Developmental Signalling and Chromatin Structure
The main focus of the laboratory is to understand how genes are activated and different cell types are formed in mammalian development. Mechanistic understanding of these issues is critical for rational approaches to maintain human health and to combat human disease. The issues are also fundamental to the science of biology, challenging, and interesting to study.
The laboratory has two general experimental strategies. First, we investigate the signalling pathways that commit an undifferentiated cell to a particular cell type fate, using the specification of embryonic endoderm to liver cells as a model. Second, we investigate the ways that transcriptional regulatory proteins control the packaging of genes, or chromatin structure, during cell type specification, using in vitro and in vivo model systems.
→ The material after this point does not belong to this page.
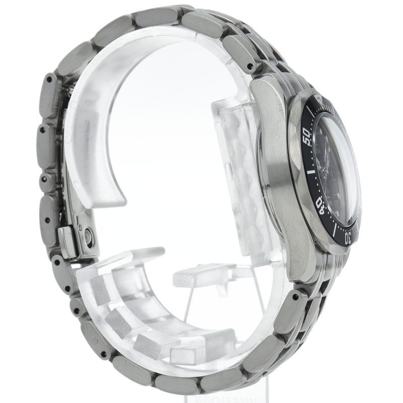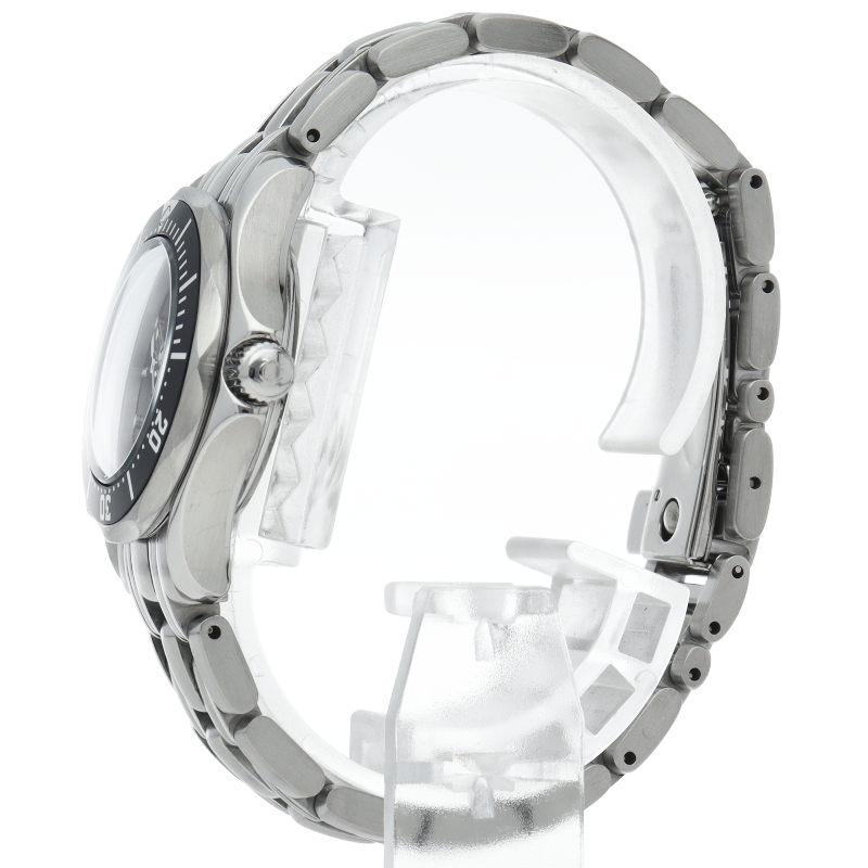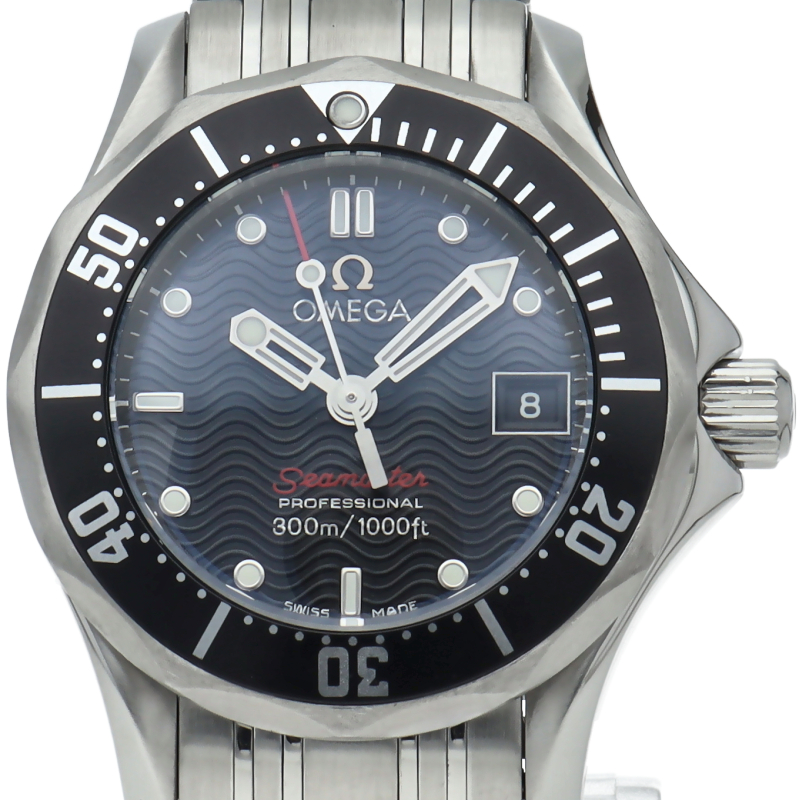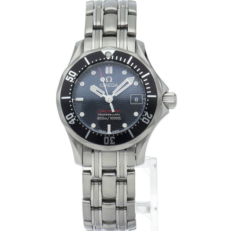 オメガを代表する人気ダイバーズウォッチ「シーマスター」。300mの防水性能を誇る本格ダイバーウォッチです。ブラック文字盤には波を模したギョーシェ模様が入れられ、このモデルの出自をイメージさせます。
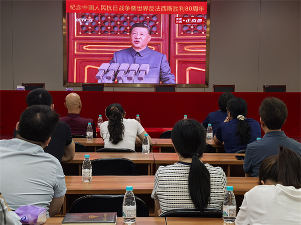9月3日上午,公司總部全體員工在公司禮堂集中觀看紀念中國人民抗日戰爭暨世界反法西斯戰爭勝利80周年大會直播。

Both strategies stimulate one another in the laboratory, in that understanding regulatory signals in development provides critical biological contexts within which chromatin transitions should be investigated, and understanding the molecular transitions in chromatin structure helps identify targets for regulatory signals that control developmental processes.

To investigate the specification of liver cells from the endoderm in development, we use primary cultures of mouse embryo tissues, genetically modified mice, and cell line model systems to identify signalling pathways and transcription factors that control endoderm differentiation and early hepatic development. The relevant factors have been identified by their expression patterns, gene knockout studies, and by comparison with factors causing endoderm differentiation in model organisms such as flies and worms. We are currently employing gene array studies to identify new regulatory proteins in the endoderm.

To investigate how embryonic transcription factors open up silent chromatin during the developmental activation of genes, we employ in vivo footprinting to monitor factor occupancy and to map nucleosome positions in chromatin. We then employ in vitro chromatin and transcription reconstitution systems to understand the mechanism of factor binding to nucleosomes and chromatin remodeling. Ultimately, the biochemical mechanisms discovered from in vitro studies are tested in vivo.